> **WORK TO BE COMPLETED**
Repeat word for word the lines starting at the one with "在高纬度的原始森林里与驯鹿嬉戏玩闹" and ending at the final line of the material, both ends included; omit pictures.

> **INFORMATION PROVIDED**
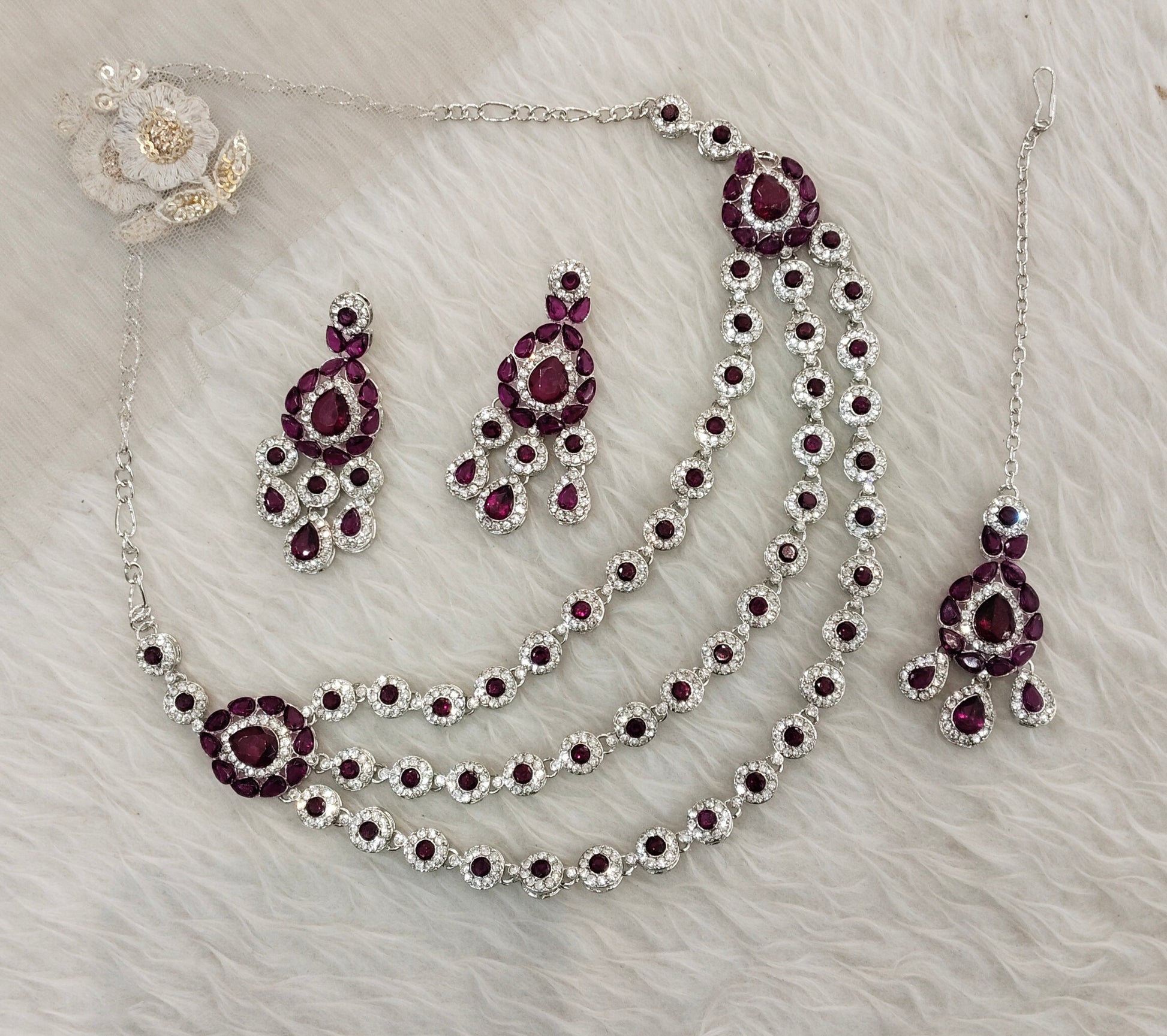 Purple Silver Zircon Necklace Indian Jewellery Varun Set
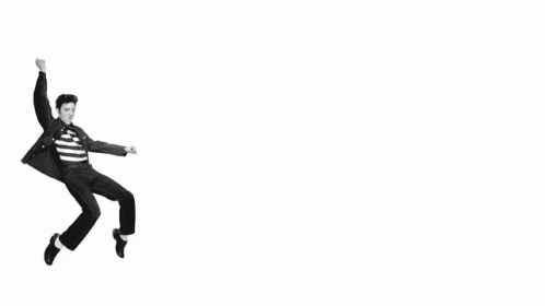 Paglalarawan ng Content: a black and white photo of elvis presley jumping in the air with the words vrij mi booo on the bottom
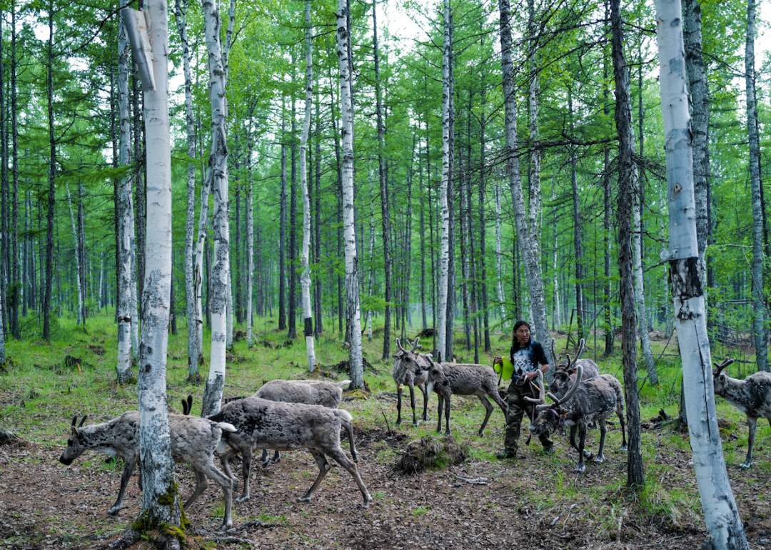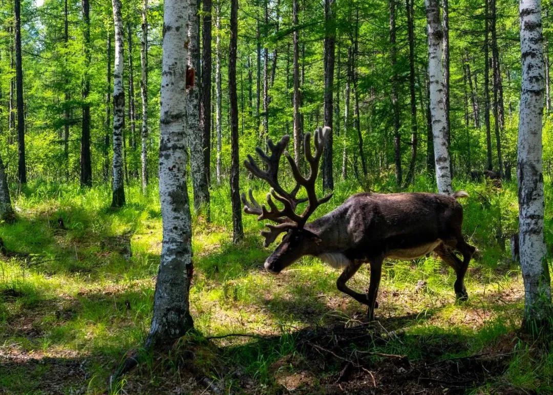 在高纬度的原始森林里与驯鹿嬉戏玩闹
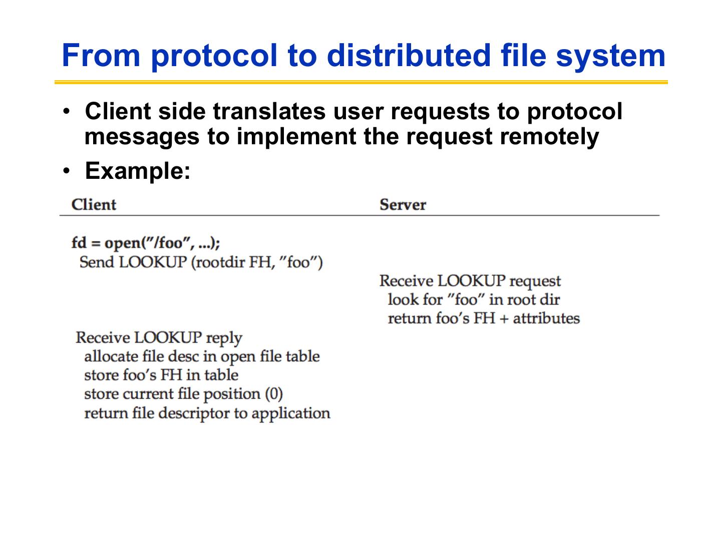 12 .From protocol to distributed file system • Client side translates user requests to protocol messages to implement the request remotely • Example:

> **YOUR SOLUTION**
 在高纬度的原始森林里与驯鹿嬉戏玩闹
 12 .From protocol to distributed file system • Client side translates user requests to protocol messages to implement the request remotely • Example:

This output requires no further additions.